Factors (1), (3) and (4) are useful when considering a home office. Working from home will not usually constitute a commercial use because no other employees or visitors or customers would be attending. There is unlikely to be any visitor parking or separate entrance or have use by anyone who does not live in the house.

Perhaps a factor from Ren and Seawright that may not be as relevant in today’s virtually motivated workforce is “that no revenue was produced on site.” If a professional is having a Zoom meeting with a client in a different city, is the revenue made in that different city or the city where the professional lives? If work is done by an employee of a corporation on a laptop while at home, where was that revenue made? Was it made at the employee’s home on the laptop? At the coffee shop where the employee regularly does some of her work? At the corporation’s regional or head office? At the location of the corporation’s servers? It may not be helpful to consider whether work was done from a particular location as a factor.

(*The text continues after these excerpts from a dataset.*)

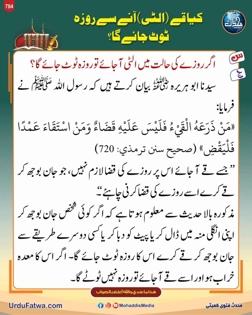 کیا قے آنے سے روزہ ٹوٹ جائے گا
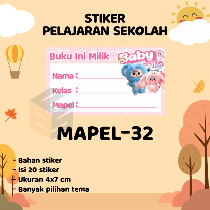 20 Stiker Mapel - Label Buku Pelajaran Sekolah - Stiker mata pelajaran
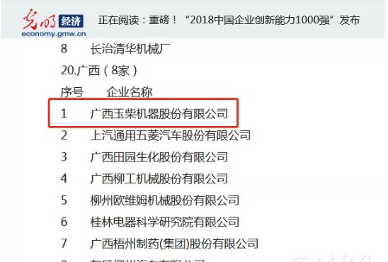 在创新领域,玉柴又跻身了一个重量级榜单
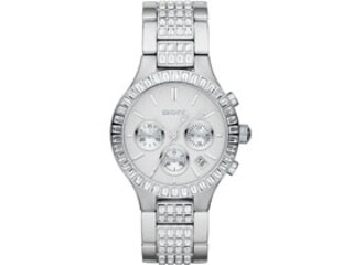 DKNY’s Glitz collection of crystal encrusted watches is the queen of bling. The NY8315, for instance, has more than a hundred clear crystals in its polished silver stainless steel bracelet and case, while the NY8299 is more dramatic, with crystals embedded in the entire length of the watch. dkny.com
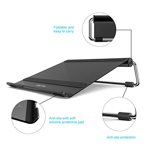 -. Feature : Compatible For Various Laptops:Fit for laptops up to 17 inches: Macbook, Macbook Air, Macbook Pro and many others. / Multi-Angle: This adjustable laptop stand provides multiple viewing angles for your laptop. And the ergonomic design makes for easy watching and typing, relieving neck, shoulder and spinal pain. / Solid Construction: With 3mm thick aluminum, this stand is 20% thicker than normal stands and 3 times sturdier. The aluminium material is also good for heat dissipation. / Anti-Slip Pads: The anti-slip and anti-scratch silicone pad gives your laptop comprehensive support and the laptop will not slide when placed on this stand. / Material: The durable aluminum stand is light-weight and solid, and combined with a sleek and stylish design. OMOTON's laptop stand comes with one year warranty.
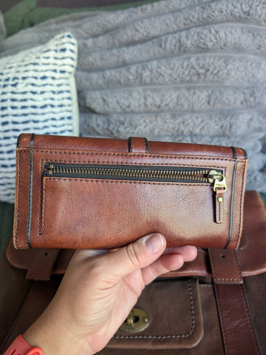 This beautiful set is in great condition. The purse is large and spacious with a comfortable top grab handle or shoulder strap. There are organizer pockets on the inside and outside. Metal clasps keep everything tucked safely inside.

It should not be determinative that all billable work is done from the home, if there are still no visitors, no signage and no external impacts of the business. In those earlier cases, an argument was that the money-making side of the business was really off-site. We wonder whether a business can make money without an organized administrative end. Leaving that issue aside, a home office should also be in the residential property class if there are no external impacts.

That external impact test is relatively easy to apply and has a solid policy basis. The Board implicitly applied that test to a home based travel agency in Singh v Municipal Property Assessment Corporation, Region 15, 2017 CanLII 32655 (ON ARB). Increased taxes for commercial property are justified, at least in part, on commercial properties bringing more traffic impacts and potentially a greater draw on other infrastructure due to that use, such as a commercial kitchen’s draw on water and sewer, or the number of visitors wearing on sidewalks and roads. None of those impacts exist for professional work done by the residents of a home from a home office.